After applying hyperparameter tuning and advanced ensemble models, the predictive performance of different models was evaluated using R² and RMSE metrics (both in log scale and actual price in USD).  

**Observations:**
- Among the tested models, **LightGBM and XGBoost** performed slightly better than Random Forest in terms of R² and RMSE.  
- All three models have similar performance in terms of RMSE in actual price scale (≈2.16 million USD), indicating stable predictions.  
- The final model can be chosen based on the **slight edge in accuracy, computational efficiency, or interpretability** depending on the use case.  

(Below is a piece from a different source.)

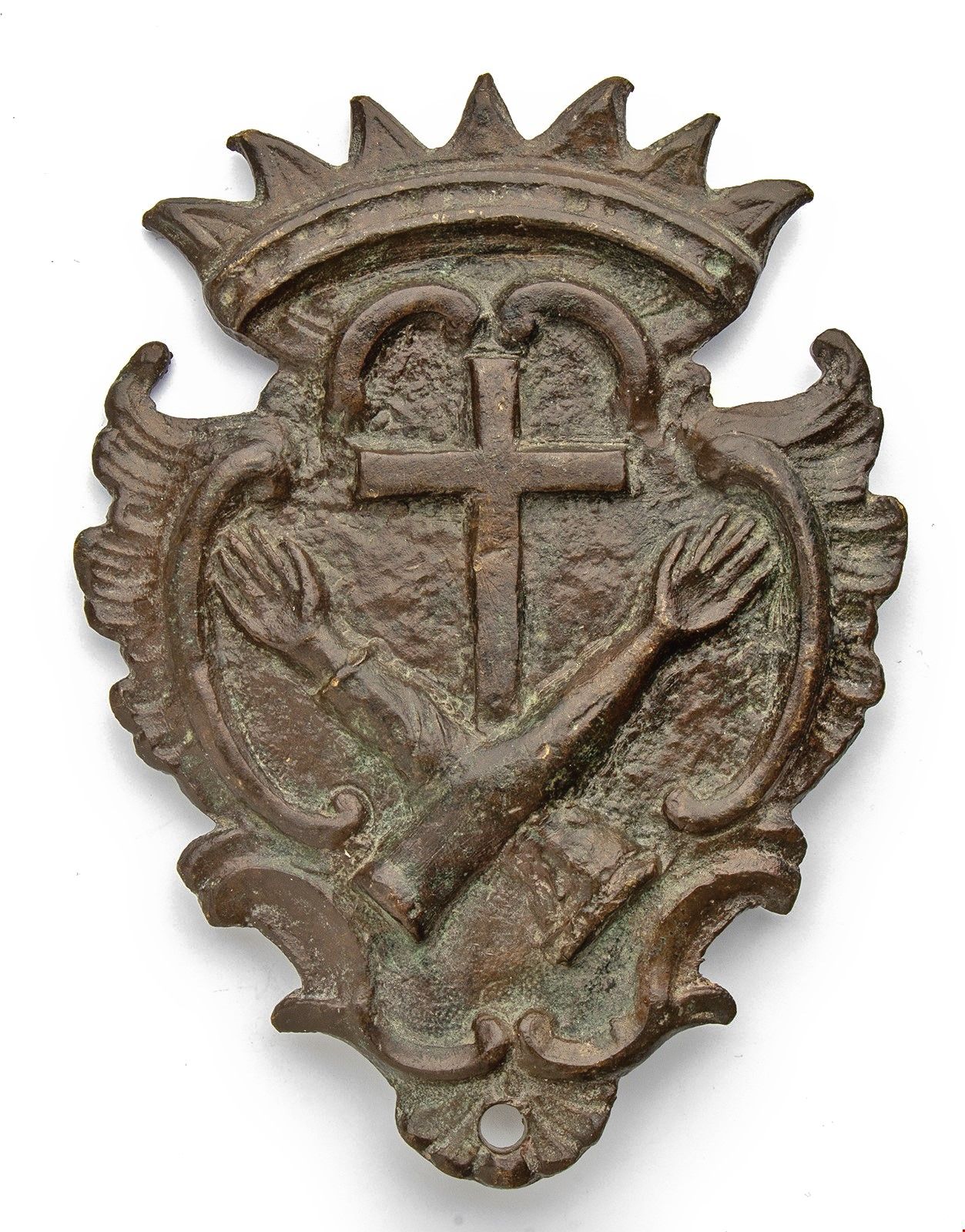 Due braccia incrociate, grande croce coronata. Foro di in basso al centro. Fusione antica produzione artigianale

These results demonstrate that ensemble learning and hyperparameter tuning can meaningfully improve predictive performance over baseline models.


## Conclusion
The project demonstrates a full machine learning workflow for real estate price prediction:  
1. Data loading and sampling  
2. Data understanding and cleaning  
3. EDA before and after preprocessing  
4. Feature selection and engineering  
5. Model training with linear and tree-based algorithms  
6. Hyperparameter tuning to improve accuracy  

The final model can reliably predict house prices based on the selected features, and the workflow can be extended for additional features or larger datasets in the future.